監督は『あしがらさん』の飯田基晴。飯田の元に、1人の老婦人が「動物を大切に思える映画を作って欲しい」という申し出をしてきた。前々から捨て猫の面倒を見てきた彼女は、動物が簡単に捨てられる世の中に心を痛めていた。動物愛護には特に興味のなかった飯田は、戸惑いながらも日本のペットの状況について取材を始める。
 監督が、自分がよく知らなかった分野について取材しつつ学んでいくのだが、監督の姿勢が素直で変に説教臭くもなく、好感が持てる。ドキュメンタリーとしては愚直と言ってもいいくらいだが、誠実な作りの作品だと思う。本作が撮られた動機が、人からの依頼ということで、却っててらいのない形になったのではないだろうか。もし監督本人が前々から興味があったり知識が豊富な分野であったら、こういう形にはならなかったと思う。
 映画の中で紹介されるのは、民間の愛護団体の保護施設、そして行政施設など。愛護団体の人はもちろんだが、犬猫を処分する立場の保健所の職員であっても、「動物が好き」と言うのが印象に残った。業務として処分しているが、そりゃ好んで処分はしないよな・・・。捨てられる犬猫の数が圧倒的に多すぎるのだ。

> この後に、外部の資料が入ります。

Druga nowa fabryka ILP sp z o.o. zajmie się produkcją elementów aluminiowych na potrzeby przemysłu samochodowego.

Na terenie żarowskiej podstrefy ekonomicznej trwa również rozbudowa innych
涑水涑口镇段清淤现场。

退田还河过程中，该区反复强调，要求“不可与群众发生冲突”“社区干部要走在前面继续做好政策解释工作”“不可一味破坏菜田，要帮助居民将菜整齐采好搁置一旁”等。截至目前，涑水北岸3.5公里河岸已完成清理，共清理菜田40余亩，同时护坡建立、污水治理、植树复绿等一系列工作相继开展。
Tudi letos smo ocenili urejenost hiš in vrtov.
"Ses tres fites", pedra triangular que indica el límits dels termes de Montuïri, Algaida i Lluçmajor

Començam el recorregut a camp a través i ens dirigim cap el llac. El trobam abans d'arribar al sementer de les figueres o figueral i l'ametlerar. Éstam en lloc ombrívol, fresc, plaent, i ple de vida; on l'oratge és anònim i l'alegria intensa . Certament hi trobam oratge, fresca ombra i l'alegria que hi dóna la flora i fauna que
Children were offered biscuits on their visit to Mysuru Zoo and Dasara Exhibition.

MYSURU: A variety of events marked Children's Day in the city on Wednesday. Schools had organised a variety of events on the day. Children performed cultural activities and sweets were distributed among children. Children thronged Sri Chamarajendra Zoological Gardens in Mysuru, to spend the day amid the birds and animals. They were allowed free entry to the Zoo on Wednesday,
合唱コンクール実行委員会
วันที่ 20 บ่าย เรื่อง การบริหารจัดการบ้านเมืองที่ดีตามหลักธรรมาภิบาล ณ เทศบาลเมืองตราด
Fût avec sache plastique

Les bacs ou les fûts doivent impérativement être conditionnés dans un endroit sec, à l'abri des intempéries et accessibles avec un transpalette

 現場の人たちを動かしているのは強固なリアリズムだ(ちょっと困った猫おばさんになりかけの方もいるが)。40年間NPO等で動物の保護活動に取り組んできた女性が、処分される犬猫がいなくなることはないと言ったうえで、「多くの愛護団体が口にするのは夢想、理想とは実現できることの最高峰にあること」だという言葉に重みがあった。目の前のことから片付けていくしかないのだろう。また、彼らは生き物を生かす/殺すのジレンマと向き合い続けている。人間と一緒に暮らす動物である以上、人間が生殖面を含めコントロールするべきだと思うが、どこまでコントロールが許されるのかと思うと割り切れないものが残るし、コントロールする責任を持たない飼い主が多すぎないか。

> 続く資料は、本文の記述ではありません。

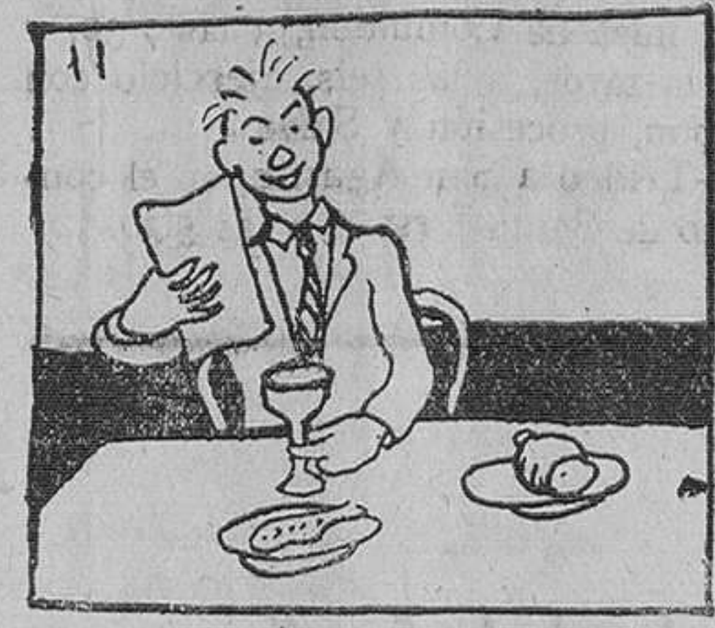
11. Las comidas comenzábalas al revés; y así empezaba por el café y solía terminarlal con los entremeses.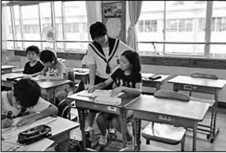
宇部市立西宇部小学校 厚南中学校

夏休みのサマースクールに、中学生が先生として5・6年生の学習を支援する活動を行った。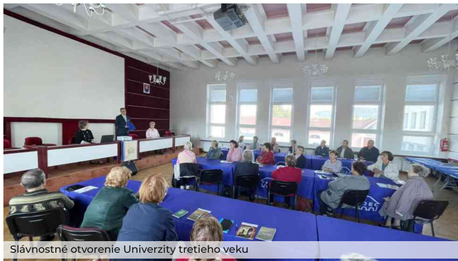
Slávnostné otvorenie Univerzity tretieho veku

riili zvedavosť študentov. Učenie je celoživotný proces a nikdy nie je neskoro naučiť sa niečo nové. Záujem o takéto štúdium prejavilo takmer 50 občanov, čo nás veľmi milo prekvapilo. Tešíme sa, že môžeme byť súčasťou tejto cesty učenia sa a osobného rozvoja v každom veku.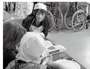
（福）太子福祉会 太子の郷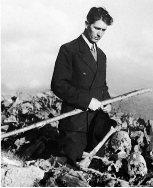
Corneliu Codreanu se arrodilla entre los huesos de los soldados muertos durante la Primera Guerra Mundial (1 de enero de 1936, en Predeal).

En las páginas que siguen, los lectores de este libro encontrarán con cierta sorpresa una serie de extractos de las obras de algunos eminentes patriotas rumanos, los cuales, en 1879, han luchado por los derechos de vida del pueblo rumano, afrontando valientemente las fuerzas amenazadoras de toda Europa.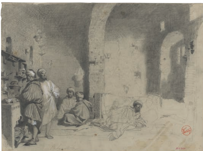
Marià Fortuny. Cafè marroquí , 1860. Museu Nacional d'Art de Catalunya

Després de ser adquirida per la Diputació de Barcelona als hereus de l'artista l'any 1875, La batalla de Tetuan abandonava la seva ubicació, al taller de Fortuny, a Roma, per iniciar un llarg viatge que va culminar, el 2004, amb la instal·lació de la pintura a les sales de la Col·lecció d'Art Modern del Museu Nacional d'Art de Catalunya. El relat d'aquesta aventura conforma un dels episodis més singulars de la història del patrimoni català. El recorregut inclou un gran nombre de vicissituds, adversitats, decisions arriscades, trasllats en condicions precàries, amb limitats recursos humans i econòmics, i restauracions fetes amb una alta dosi de voluntarisme. Tot aquest cúmul de peripècies, ocorregudes en el decurs de gairebé un segle i mig, dibuixa un itinerari molt ric en esdeveniments, però, tanmateix, indicatiu de l'absència, durant un llarg període, d'una política patrimonial capaç de valorar el mèrit atresorat per una de les realitzacions més emblemàtiques del pintor de Reus.

 映画内では国内で年間に処分される犬猫の数等のデータも紹介されるのだが、私が漠然と考えていた数を遥かに上回っていて正直ショックだった(2007年の殺傷処分数は31万457頭)。私は動物愛護精神が旺盛とはお世辞にもいえないし、猫は嫌いではないが犬ははっきりと苦手だ。それでも、捨てるのはちょっとなぁとは思う。ただ、ここ数年で離婚や生活苦等によるペットの保護施設への引渡しが増加しているそうで、不況の余波を見た感があった。衣食住足りないと動物のことまでケアできないよなー。